**Your instructions**
Could you print exactly the lines of the listing below, starting at the line that has "Transform your space" and ending at the line that has "- Spa Redi- Gel", and only those lines?

**Record set**
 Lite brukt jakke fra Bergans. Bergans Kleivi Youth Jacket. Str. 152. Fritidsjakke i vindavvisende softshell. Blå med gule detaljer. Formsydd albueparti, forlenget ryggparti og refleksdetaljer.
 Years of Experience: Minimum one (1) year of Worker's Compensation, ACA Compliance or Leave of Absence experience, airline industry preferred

---

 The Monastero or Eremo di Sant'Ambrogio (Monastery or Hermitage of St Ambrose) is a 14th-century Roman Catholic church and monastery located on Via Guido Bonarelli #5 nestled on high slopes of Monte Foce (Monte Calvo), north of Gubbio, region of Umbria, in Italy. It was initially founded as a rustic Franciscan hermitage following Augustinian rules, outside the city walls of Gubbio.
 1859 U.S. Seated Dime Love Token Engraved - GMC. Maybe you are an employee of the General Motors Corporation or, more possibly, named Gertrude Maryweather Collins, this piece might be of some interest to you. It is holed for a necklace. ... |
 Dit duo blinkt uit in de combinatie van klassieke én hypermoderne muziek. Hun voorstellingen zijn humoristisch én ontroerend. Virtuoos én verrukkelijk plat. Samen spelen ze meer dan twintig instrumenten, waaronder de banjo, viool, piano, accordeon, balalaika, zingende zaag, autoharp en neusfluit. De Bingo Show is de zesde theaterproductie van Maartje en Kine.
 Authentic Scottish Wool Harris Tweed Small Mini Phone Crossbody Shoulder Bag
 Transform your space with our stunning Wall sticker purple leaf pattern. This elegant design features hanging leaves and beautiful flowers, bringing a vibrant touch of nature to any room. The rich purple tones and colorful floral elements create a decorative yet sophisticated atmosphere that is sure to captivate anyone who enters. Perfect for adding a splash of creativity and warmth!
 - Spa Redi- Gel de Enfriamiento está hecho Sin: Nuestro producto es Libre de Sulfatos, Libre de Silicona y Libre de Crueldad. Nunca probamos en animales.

...

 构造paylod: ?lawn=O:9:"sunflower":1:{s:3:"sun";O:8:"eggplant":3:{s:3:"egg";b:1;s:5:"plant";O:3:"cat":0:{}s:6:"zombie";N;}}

**Answer space**
 Transform your space with our stunning Wall sticker purple leaf pattern. This elegant design features hanging leaves and beautiful flowers, bringing a vibrant touch of nature to any room. The rich purple tones and colorful floral elements create a decorative yet sophisticated atmosphere that is sure to captivate anyone who enters. Perfect for adding a splash of creativity and warmth!
 - Spa Redi- Gel de Enfriamiento está hecho Sin: Nuestro producto es Libre de Sulfatos, Libre de Silicona y Libre de Crueldad. Nunca probamos en animales.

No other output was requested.